Lift the canner jar rack and fix into place on the rim of the canner. Remove one jar at a time from canner and empty hot water back into the canner. Place jar on a cutting board.  Place 1 teaspoon each of yellow mustard seeds, black peppercorn, dill seeds, 1/2 teaspoon red pepper flakes as well as 1 crushed garlic clove and 1 large sprig of fresh dill.  Pack  cucumbers into jar to within a generous 1/2 inch of top of jar.  Place a canning funnel in the jar.  Ladle hot brine into jar leaving 1/2-inch head space.  Remove air bubbles (with a chopstick or similar utensil) and adjust headspace, if necessary, by adding more brine.  Wipe jar rim. Using a magnetic utensil, lift hot lid from water, center it on the  jar and place screw band on jar.  Tighten screw band evenly and firmly just until resistance is met.  Then increase to fingertip tight.  Do not over tighten.  Return jar to canner rack.  Continue filling jars individually until all jars are filled, lower rack into canner and ensure that all jars are covered by 1 inch of water.  Cover canner and bring water to a full boil over high heat.  Process for 15 minutes, starting timer only when water reaches a full boil.

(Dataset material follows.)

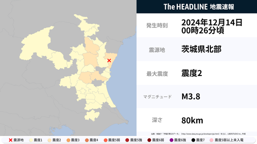 12月14日0時26分頃、茨城県で最大震度2の地震を観測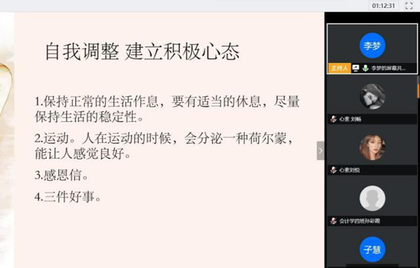 李梦从在疫情期间学生可能面临的压力事件进行分析,引出学生可能出现的负性情绪,特别是因疫情而产生的心理应激反应没有得到有效的应对而引发的心理危机,进一步强调了心理委员工作的重要性。随后,李老师从“评估方法”和“谈话技术”两个方面,讲授在线上开学期间如何深入全面了解同学们心理健康状况,对于心理不健康及心理异常学生做到及早发现、及时报告、提前干预,维护好同学们心理健康。最后,李梦和同学们分享了在疫情期间自我调适的方法,如调整自己的思维方式、觉察情绪、调整自己的作息习惯及如何积极沟通等。最后再次介绍了pp电子心理健康线上服务资源,欢迎有需要的同学进行线上咨询。培训结束后,李梦鼓励心理委员积极宣传心理健康知识,做好班级心理健康的守护人,并叮嘱同学们做好自身防护和自身心理状态的调整。

Remove jars from water, and let stand,  undisturbed, at room temperature 24 hours.  To check seals, remove the bands, and press down on the center of each lid.  If the lid doesn’t move, the jar is sealed.  If the lid depresses and pops up again, the jar is not sealed.  In the event that a jar does not seal, simply refrigerate it. Store properly sealed jars in a cool, dark place up to 1 year (date your jars on the bottom with a Sharpie pen)  Refrigerate after opening.